▶ [SOURCE MATERIAL]
((
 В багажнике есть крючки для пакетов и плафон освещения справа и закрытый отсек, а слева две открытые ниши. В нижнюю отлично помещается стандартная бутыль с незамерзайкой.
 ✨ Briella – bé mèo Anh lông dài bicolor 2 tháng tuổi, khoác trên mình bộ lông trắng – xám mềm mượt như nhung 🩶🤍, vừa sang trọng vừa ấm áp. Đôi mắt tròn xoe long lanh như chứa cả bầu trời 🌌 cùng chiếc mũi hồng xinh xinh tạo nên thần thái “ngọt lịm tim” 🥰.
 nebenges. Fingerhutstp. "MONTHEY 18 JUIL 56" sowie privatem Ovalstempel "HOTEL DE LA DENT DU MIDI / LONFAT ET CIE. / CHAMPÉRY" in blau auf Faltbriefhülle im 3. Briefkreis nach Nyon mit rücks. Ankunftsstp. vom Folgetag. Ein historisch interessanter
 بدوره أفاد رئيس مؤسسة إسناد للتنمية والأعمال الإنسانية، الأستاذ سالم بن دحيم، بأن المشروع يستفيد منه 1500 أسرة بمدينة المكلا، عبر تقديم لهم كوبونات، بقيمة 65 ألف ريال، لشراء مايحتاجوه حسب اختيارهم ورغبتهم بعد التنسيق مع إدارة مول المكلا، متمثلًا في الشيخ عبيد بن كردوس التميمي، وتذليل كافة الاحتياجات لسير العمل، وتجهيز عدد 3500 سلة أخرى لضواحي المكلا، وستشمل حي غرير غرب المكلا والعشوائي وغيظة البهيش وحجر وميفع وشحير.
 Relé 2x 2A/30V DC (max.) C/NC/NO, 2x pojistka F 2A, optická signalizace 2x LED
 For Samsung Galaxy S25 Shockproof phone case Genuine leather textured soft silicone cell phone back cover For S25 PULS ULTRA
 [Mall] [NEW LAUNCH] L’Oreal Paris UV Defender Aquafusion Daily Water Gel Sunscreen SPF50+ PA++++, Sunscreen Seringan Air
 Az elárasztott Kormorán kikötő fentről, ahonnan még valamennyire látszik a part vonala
))
((
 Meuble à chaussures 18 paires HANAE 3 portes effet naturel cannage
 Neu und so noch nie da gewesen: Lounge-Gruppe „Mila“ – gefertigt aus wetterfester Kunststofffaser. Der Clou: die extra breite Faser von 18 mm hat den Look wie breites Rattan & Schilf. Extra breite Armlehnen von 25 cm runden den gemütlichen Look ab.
))
((
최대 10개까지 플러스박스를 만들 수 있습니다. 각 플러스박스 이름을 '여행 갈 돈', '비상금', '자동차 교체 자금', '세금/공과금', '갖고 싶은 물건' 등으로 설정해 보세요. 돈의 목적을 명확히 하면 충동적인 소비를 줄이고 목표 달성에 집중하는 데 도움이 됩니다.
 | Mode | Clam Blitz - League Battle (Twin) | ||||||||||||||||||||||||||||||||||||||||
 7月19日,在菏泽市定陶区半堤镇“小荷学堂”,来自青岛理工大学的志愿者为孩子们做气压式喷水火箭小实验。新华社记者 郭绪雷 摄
))
Looking at the records above, return exactly the lines from the line with "Relé 2x 2A/30V" to the line with "Az elárasztott Kormorán", both ends included.

▶ [PROBLEM SOLUTION]
 Relé 2x 2A/30V DC (max.) C/NC/NO, 2x pojistka F 2A, optická signalizace 2x LED
 For Samsung Galaxy S25 Shockproof phone case Genuine leather textured soft silicone cell phone back cover For S25 PULS ULTRA
 [Mall] [NEW LAUNCH] L’Oreal Paris UV Defender Aquafusion Daily Water Gel Sunscreen SPF50+ PA++++, Sunscreen Seringan Air
 Az elárasztott Kormorán kikötő fentről, ahonnan még valamennyire látszik a part vonala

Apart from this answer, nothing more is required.